I'm trying to backtest a sports betting model that calculates probabilities based on last 5 games.
Here I have all the games from last season, but I'm having problems wrapping my mind around how I should approach this.
Each team is given a predetermined ranking id (1,2,3) that'll reflect whether the team is worse, even, or better than the current opponent :
1 Team is Worse 2 Team is Even 3 Team is Better
The model itself calculates:
Wins Losses Goals For Goals Against
These categories will give out points based on what category their opponent was that they won/lost to.
Example: Team A vs. Team B
- Team A is categorized worse than team B
- Team A gets 1,3 points for scoring a goal (1*1,3)

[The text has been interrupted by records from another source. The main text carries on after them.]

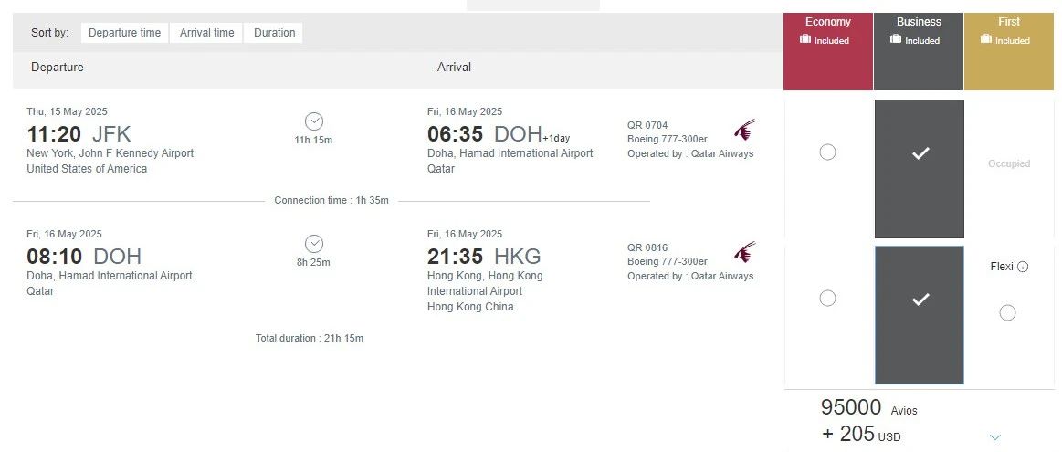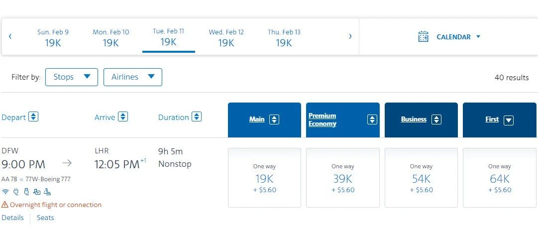 美国航空(American Airlines)64K点数兑换跨洋头等舱,从今年夏天至明年春天都有票,还可以全美联运+免费退改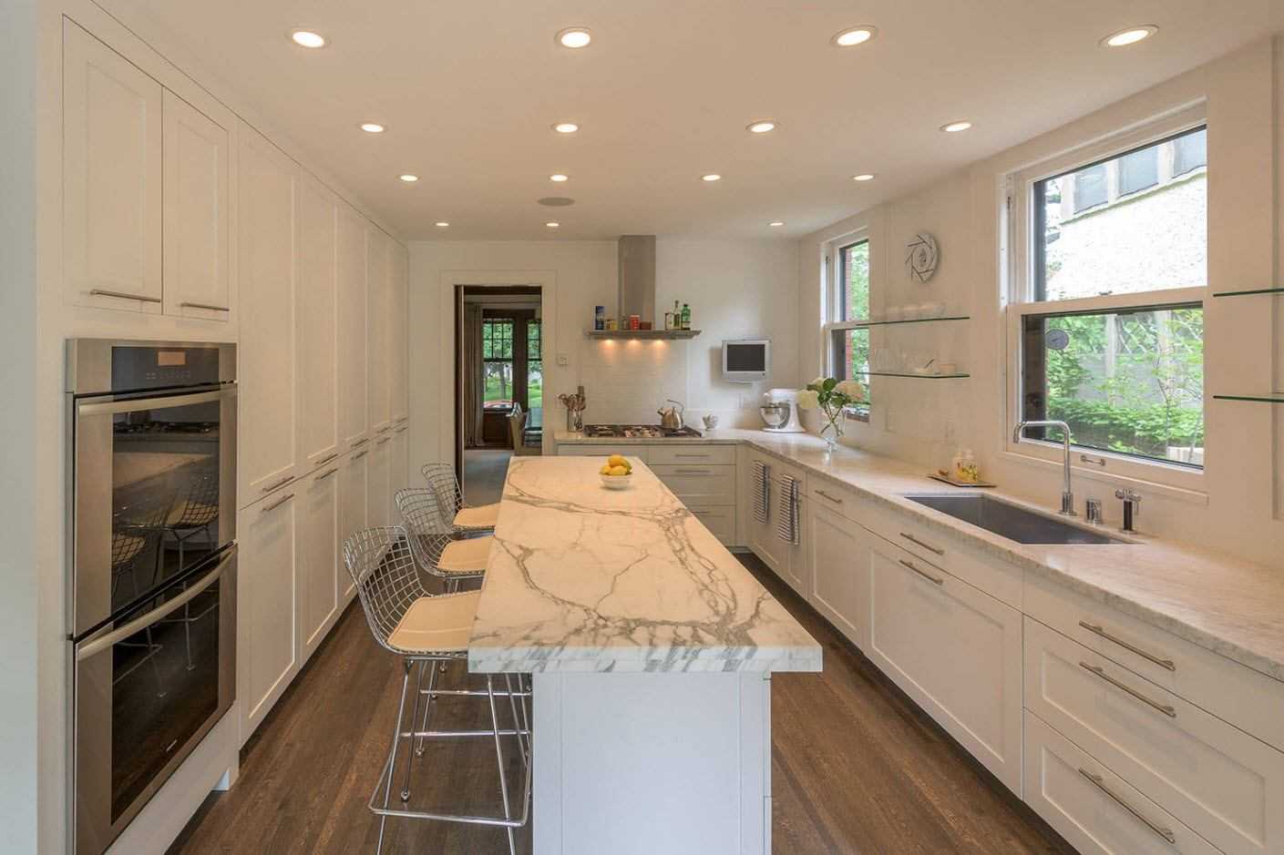 При установке кухонного гарнитура вдоль длинной стены, в помещении остается много свободного пространства. Оно оформляется в зависимости от размеров семьи и стиля жизни всех домочадцев. Одним просто необходим огромный обеденный стол. В то же время, другие предпочитают ужинать, сидя на высоких барных стульях рядом со стойкой.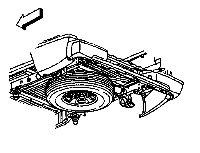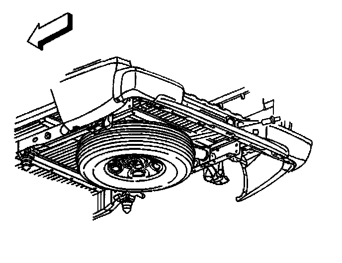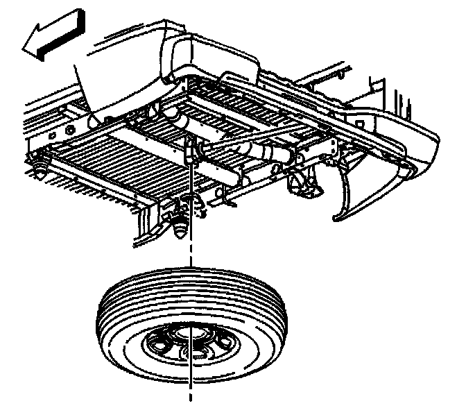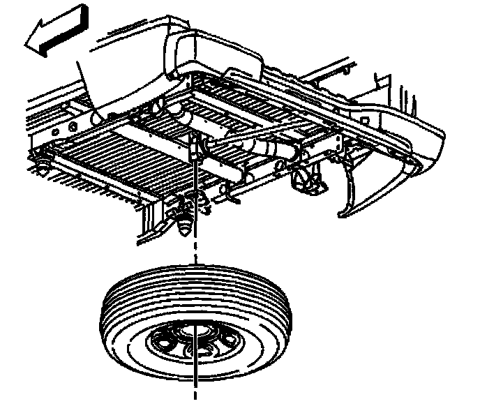Notice: Use only hand tools to lower and raise the spare tire hoist assembly. Do not use air tools. The use of air tools at high speeds will damage the spare tire hoist assembly.

Example: Team A vs. Team B
- Team A is categorized better than Team B
- Team A gets 1 point for scoring a goal
Pseudo:
I can do this team by team basis, but I would need to iterate through their match history in 5 indexed rows at a time, and then counting the probabilities for the 6th match. Here's an example what indexed rows I'd need to calculate the probabilities for Team A's match number 6 and 7
To calculate match number 6, I need rows: 0,1,2,3,4
To calculate match number 7, I need rows: 1,2,3,4,5
....So basically last 5 matches needs to be accounted.